Но больше всего Кадди пугал не тот факт, что эта женщина была красивее. Этого она и ожидала. Ее пугало то, что в ее присутствии Хаус казался расслабленным. Он не играл в игры, он не глядел через ее плечо, чтобы проверить, смотрит ли Кадди (или еще кто-нибудь) на них. Он был совершенно спокоен.
— Был ли он таким же спокойным со мной? — думала она. — Позволяла ли я быть ему таким спокойным?
Она отрешенно копалась в своем салате и жалела себя.
Надежда и Хаус закончили обедать.
— Увидимся сегодня? — услышала она слова Надежды, обращенные к Хаусу.
— Непременно, — улыбаясь, ответил он.
Она наклонилась, чмокнула его в губы.
Кадди отвернулась.
— Спасибо за обед, Надежда, — ответил он.
Он зовет ее по имени.
Кадди начала делать вещи, которыми совершенно нельзя гордиться: звонила ему по вечерам, когда знала, что у него свидание и не давала ему покоя, обсуждая какие-нибудь заумные медицинские вопросы, заставляла его работать допоздна, настаивала, чтобы он вовремя заполнял страховочные бланки.
Что она пыталась сделать? Наказать его? Держать его подальше от Надежды? Нарываться на ссору? Она не знала. Она знала только, что не может по-другому.
А он, к ее огромному неудовольствию, практически не сопротивлялся. Она хотела, чтобы он сорвался.

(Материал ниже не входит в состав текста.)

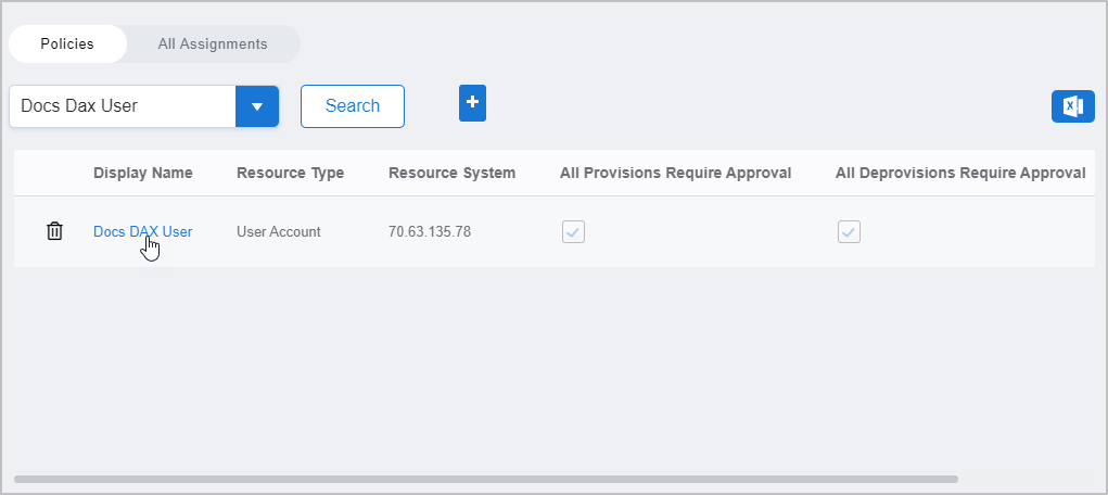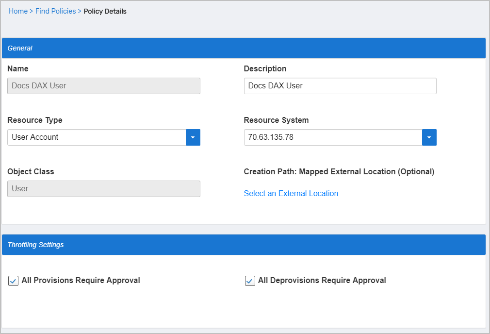 If you are creating this provisioning policy for DAX users with an Active Directory user account type, please proceed to How to add configuration parameters; if this provisioning policy is for DAX users with the Claims user account type, simply click the main Save button.
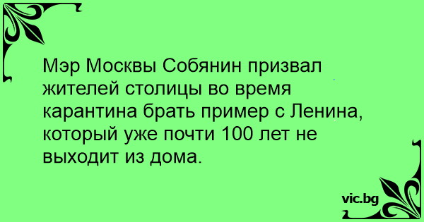 Мэр Москвы Собянин призвал жителей столицы во время карантина брать пример с Ленина, который уже почти 100 лет не выходит из дома.
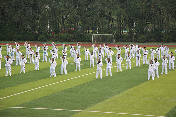 在精彩的广播操比赛、舞龙表演和跆拳道表演之后,女子100米、男子跳高和教工趣味运动项目随即展开角逐。
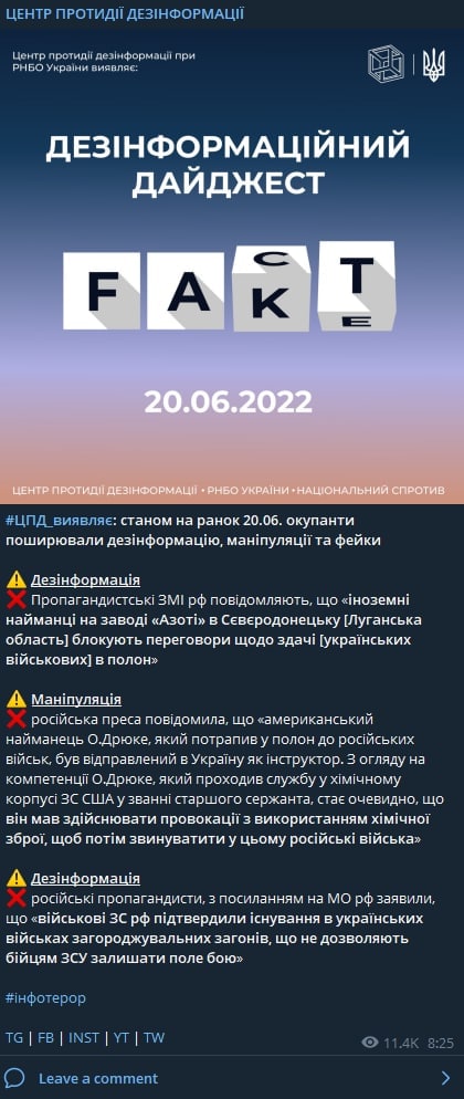 Центр противодействия дезинформации при СНБО косвенно подтверждает факт переговоров по эвакуации военных из "Азота" в Северодонецке.

Даже небольшая вспышка ярости дала бы ей понять, что ему не всё равно. Но он уступал ей, спокойно выполнял каждый ее каприз.
Жалел ли он ее из-за того, что у него была Надежда, а она была одна? Она оттолкнула эту мысль. Но альтернатива была еще хуже: он был в хорошем настроении просто потому, что он был счастлив.
Однажды в воскресенье, вернувшись из магазина, она копалась в сумке в поисках ключей. Она поставила сумки на землю, усадила Рейчел на порог и продолжила искать. Ключей не было. Она позвонила сестре, но включился автоответчик. Мать была в круизе в Арубе. Выбора не было, ей пришлось звонить Хаусу.
— У тебя еще остались ключи от моего дома? — спросила она, объяснив ситуацию.
— Я сейчас приеду, — ответил он.
В трубке она услышала отдаленный женский недовольный голос:
— Господи, Грег! Она говорит «прыгай», а ты спрашиваешь «с какой высоты?»
Он объявился через полчаса и поприветствовал Рейчел, потрепав ее по волосам.
— Привет, малыш, — сказал он.
— Хаус! — ответила Рейчел, радостно обнимая его за ноги.
— Мне очень жаль, Хаус, — сказала Кадди. — Наверное, я чему-то помешала?
— Пикник с Надеждой, — он пожал плечами. — Все нормально.
— О, Боже, прости, — повторила она.
Он проворно снял ее ключ со своей связки — нужно ли отмечать, что он всё еще носил ее ключ с собой? — и отдал его ей.
Она отперла дверь. Рейчел вбежала в дом и тут же направилась в детскую.
— Может, выпьешь чего-нибудь? — спросила Кадди.
Он замешкался.
— Нет, наверное, мне лучше вернуться к Надежде, — ответил он.
— Ладно. Конечно. Еще раз спасибо, что приехал так быстро.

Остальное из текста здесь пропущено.